Stored entries =
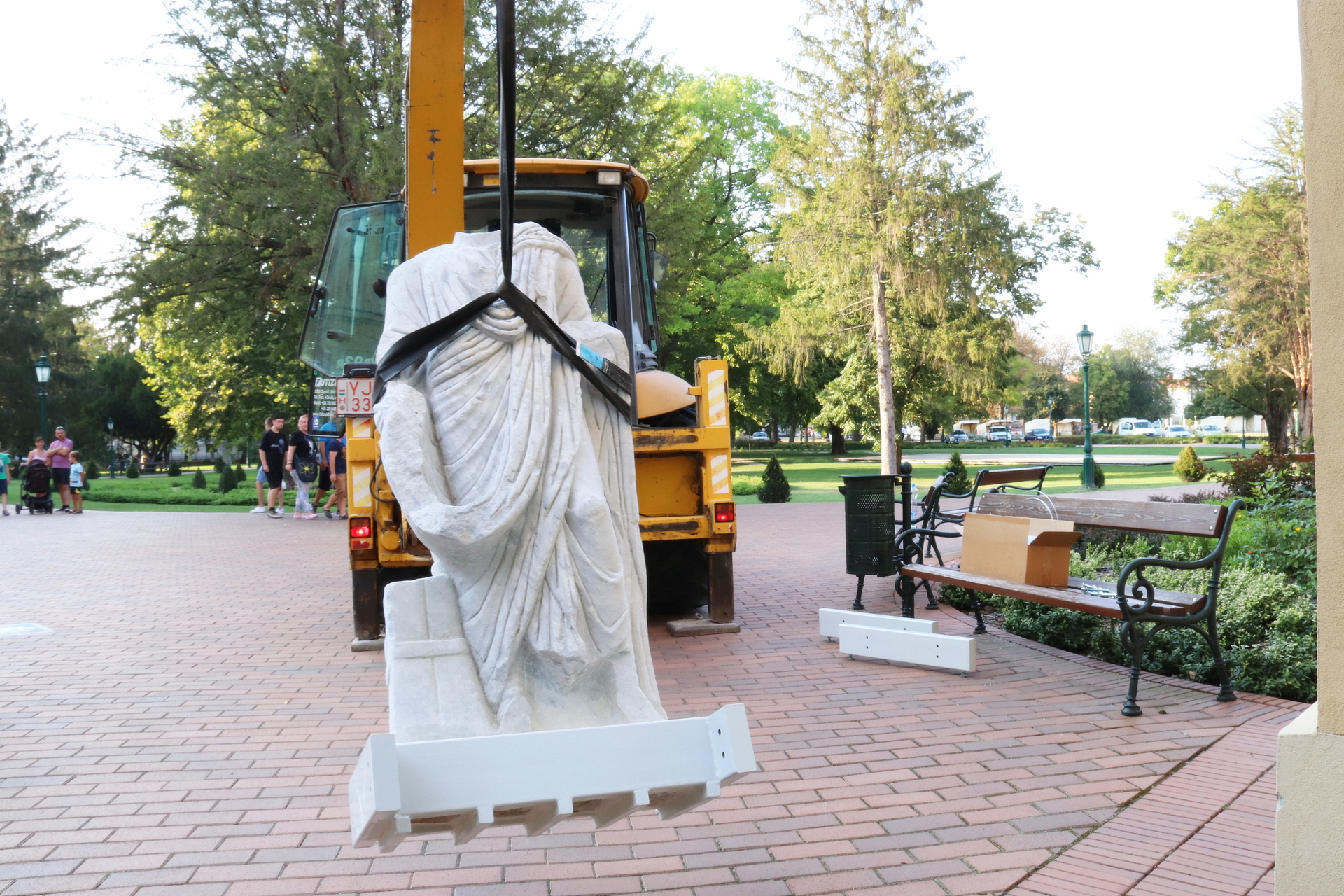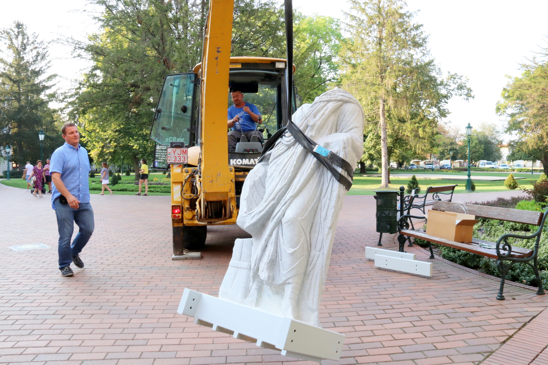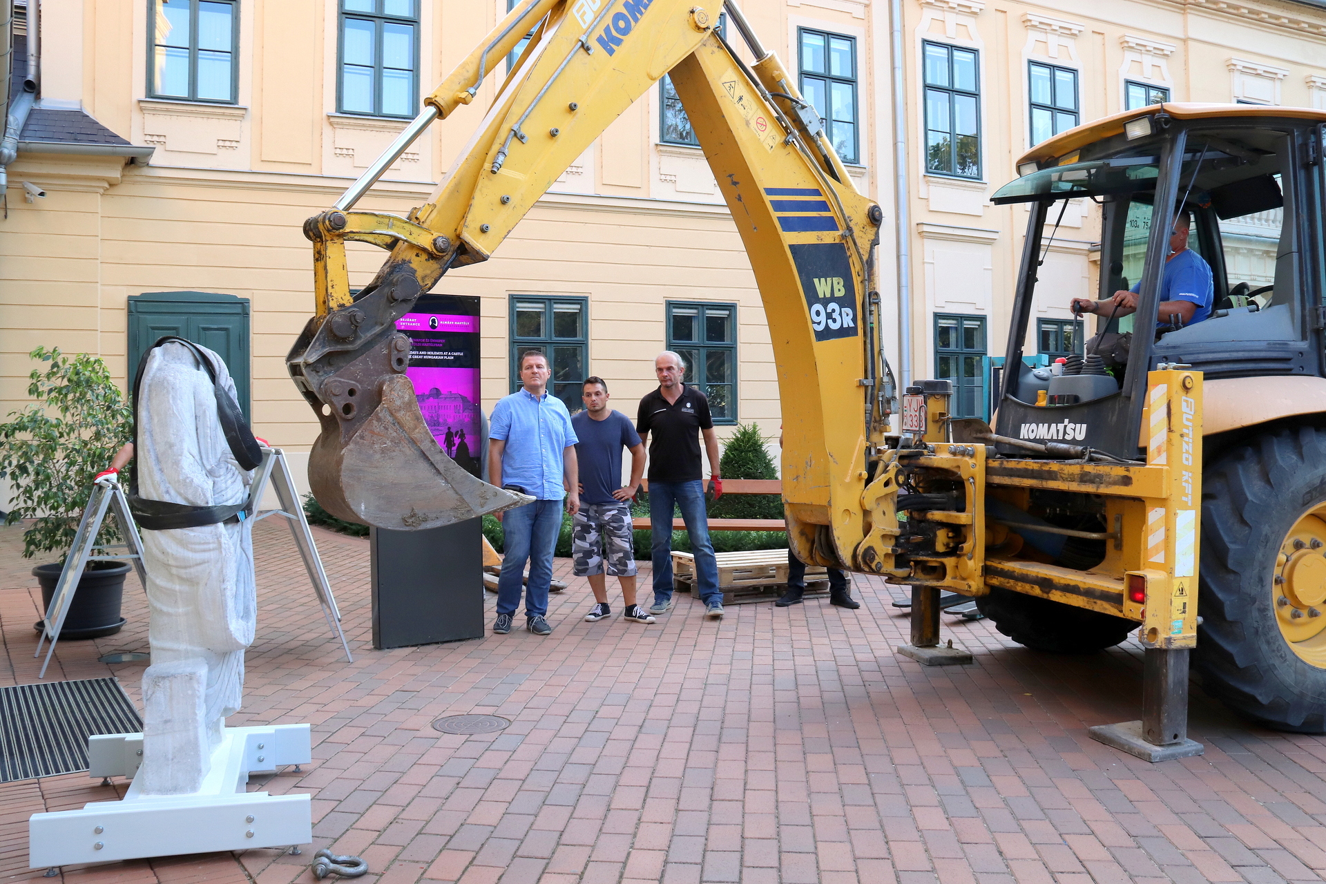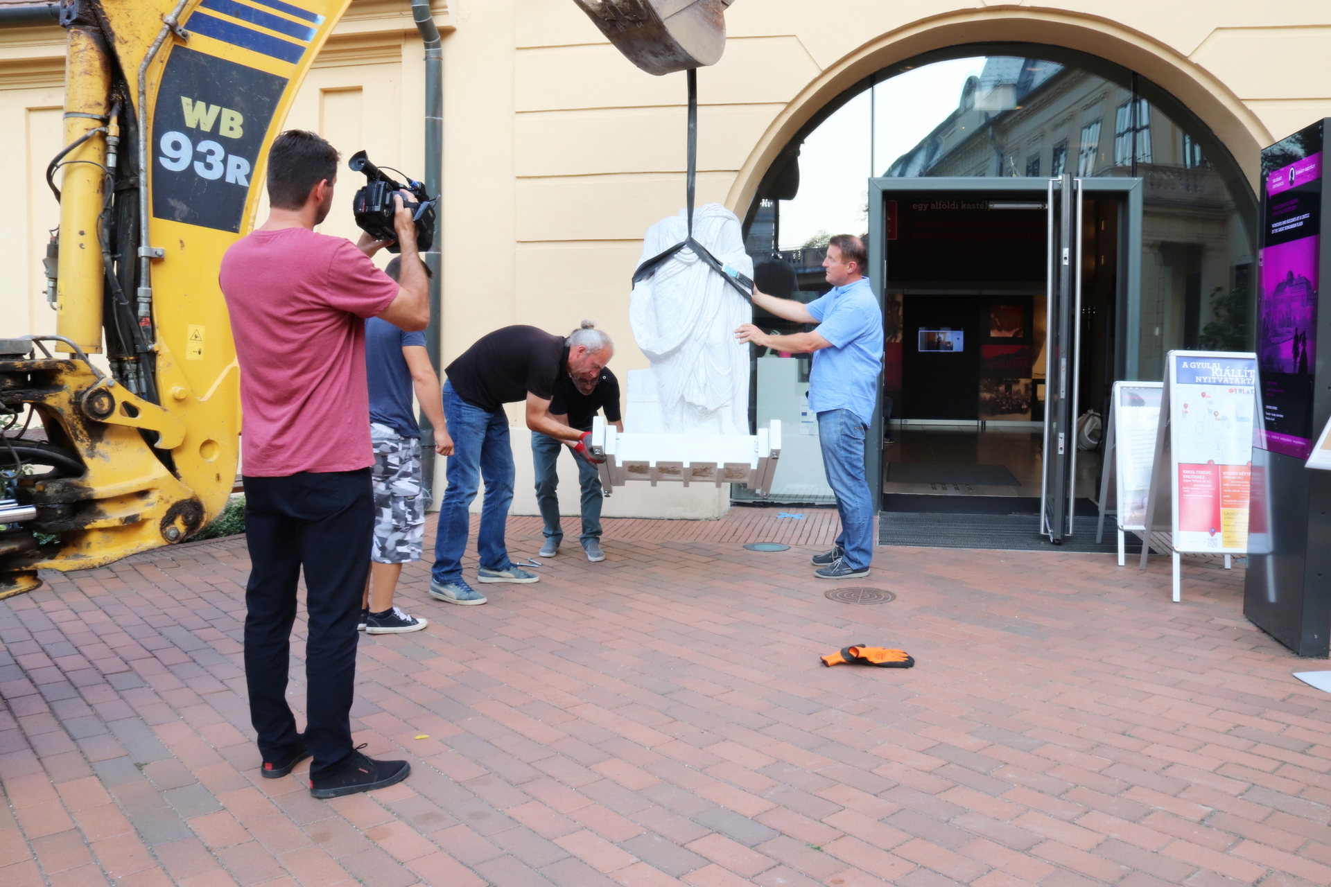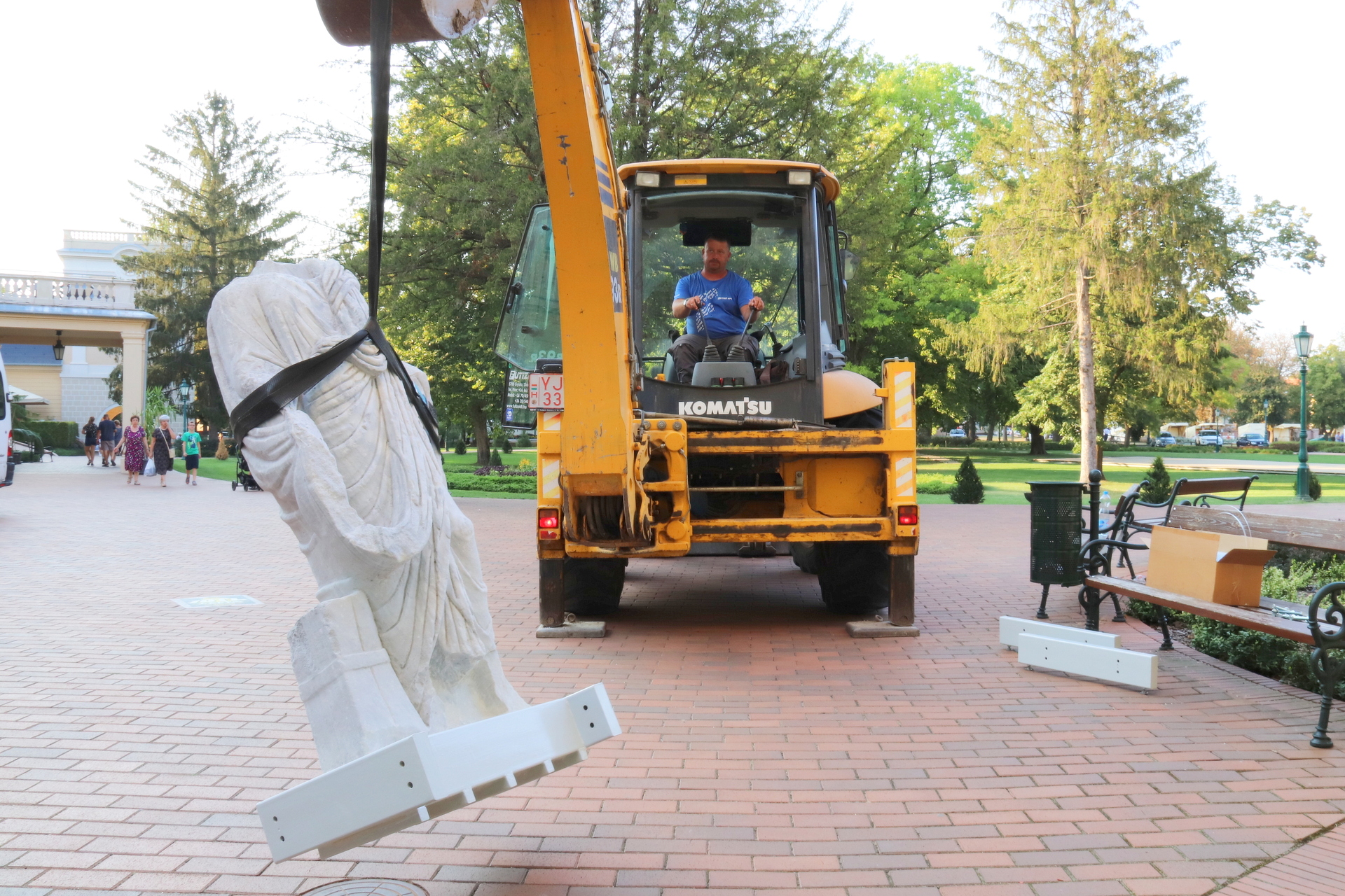 Nehezen, de törés nélkül került a helyére a több száz kilós restaurált római márványszobor
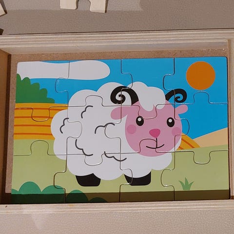 Palapeli eri asusteita voi vaihdella eläimille, 4 eri eläimen päätä. Käytön jälkeä.
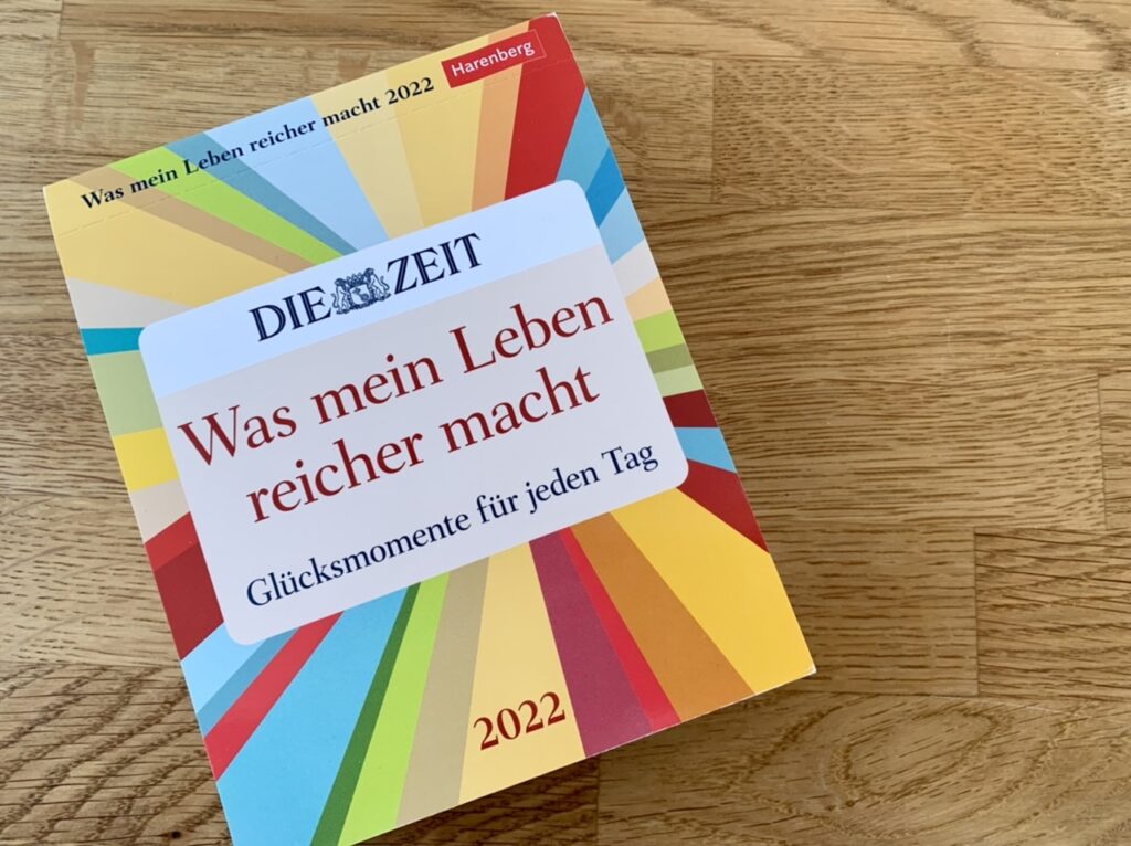 Janine hat mir dann doch bei ihrem letzten Besuch ein Präsent hier gelassen mit den Worten, dass ich es erst am 24.12. öffnen darf. Ich habe bestimmt sehr streng geguckt, habe mich aber dann gefügt und mich sehr gefreut, als ich es Weihnachten dann ausgepackt habe. Es ist nämlich ein Tisch-Kalender von der Zeitung „Die Zeit“ mit Glücksmomenten. Der Kalender hat ein Kalenderblatt für jeden Tag und darauf finden sich Glücksmomente der Leser*innen der Zeit. Was für ein tolles Geschenk! Ich freu mich voll drauf!
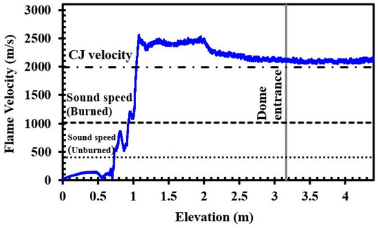 Shamsadin Saeid et al. [24,60] also studied detonation using the ddtFoam solver in a rectangular channel with obstacles, and compared it with the experimental results of Ettner et al. [43] and Boeck et al. [67]. They showed that the solver has acceptable potential to study DDT. It should be noted that this is the first time that detonation has been studied in the ENACCEF facility. Figure 8 shows the flame speed for the H2–air mixture with 20% hydrogen concentration and a blockage ratio of 0.63. As can be observed, the flame velocity fluctuates in the obstructed part of the tube due to the flame transporting through the obstacles. The flame speed rises while crossing the obstacle owing to the reduction in tube cross-section and increase in turbulence level. Then, crossing the obstacle, the flow decreases because of the abrupt flame expansion in the transverse direction and the rise in the cross-sectional area of the flow. Intense interactions between the propagating flame and the turbulent flow led the flame velocity to reach the sound speed of the unburned products and to transition from a slow to a fast deflagration and, eventually, to the choked flame. In this situation, owing to the interaction between the flame and the shock waves, the flame accelerated. Under these conditions, an unexpected jump in the velocity of the flame was seen, which is defined as DDT. Subsequently, the created detonation moved along the acceleration tube and entered the dome. Upon entering the dome, the detonation weakened, and local detonation damping was observed. This is associated with the effects of expansion waves and increased curvature. Furthermore, it was found that there was no total damping on detonation and, hence, the detonation was successfully released in a larger diameter tube at CJ speed.
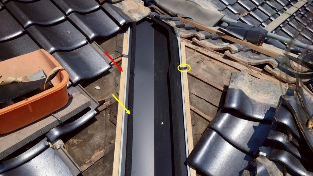 谷板の端には瓦が被せられるのですが、つりこで細かく固定することで、台風のような強風でも谷板が暴れることがなく、安心です。黄色の矢印のスポンジは、雨水の溢れを防ぐことはもちろん、小動物や、虫、枯葉などのゴミの侵入を防ぐために取り付けています。

WORK REQUIRED =
In the answer, give only the lines from the top of the data above through the line with "Janine hat mir", reproduced exactly; no picture may appear.

EXERCISE OUTPUT =
 Nehezen, de törés nélkül került a helyére a több száz kilós restaurált római márványszobor
 Palapeli eri asusteita voi vaihdella eläimille, 4 eri eläimen päätä. Käytön jälkeä.
 Janine hat mir dann doch bei ihrem letzten Besuch ein Präsent hier gelassen mit den Worten, dass ich es erst am 24.12. öffnen darf. Ich habe bestimmt sehr streng geguckt, habe mich aber dann gefügt und mich sehr gefreut, als ich es Weihnachten dann ausgepackt habe. Es ist nämlich ein Tisch-Kalender von der Zeitung „Die Zeit“ mit Glücksmomenten. Der Kalender hat ein Kalenderblatt für jeden Tag und darauf finden sich Glücksmomente der Leser*innen der Zeit. Was für ein tolles Geschenk! Ich freu mich voll drauf!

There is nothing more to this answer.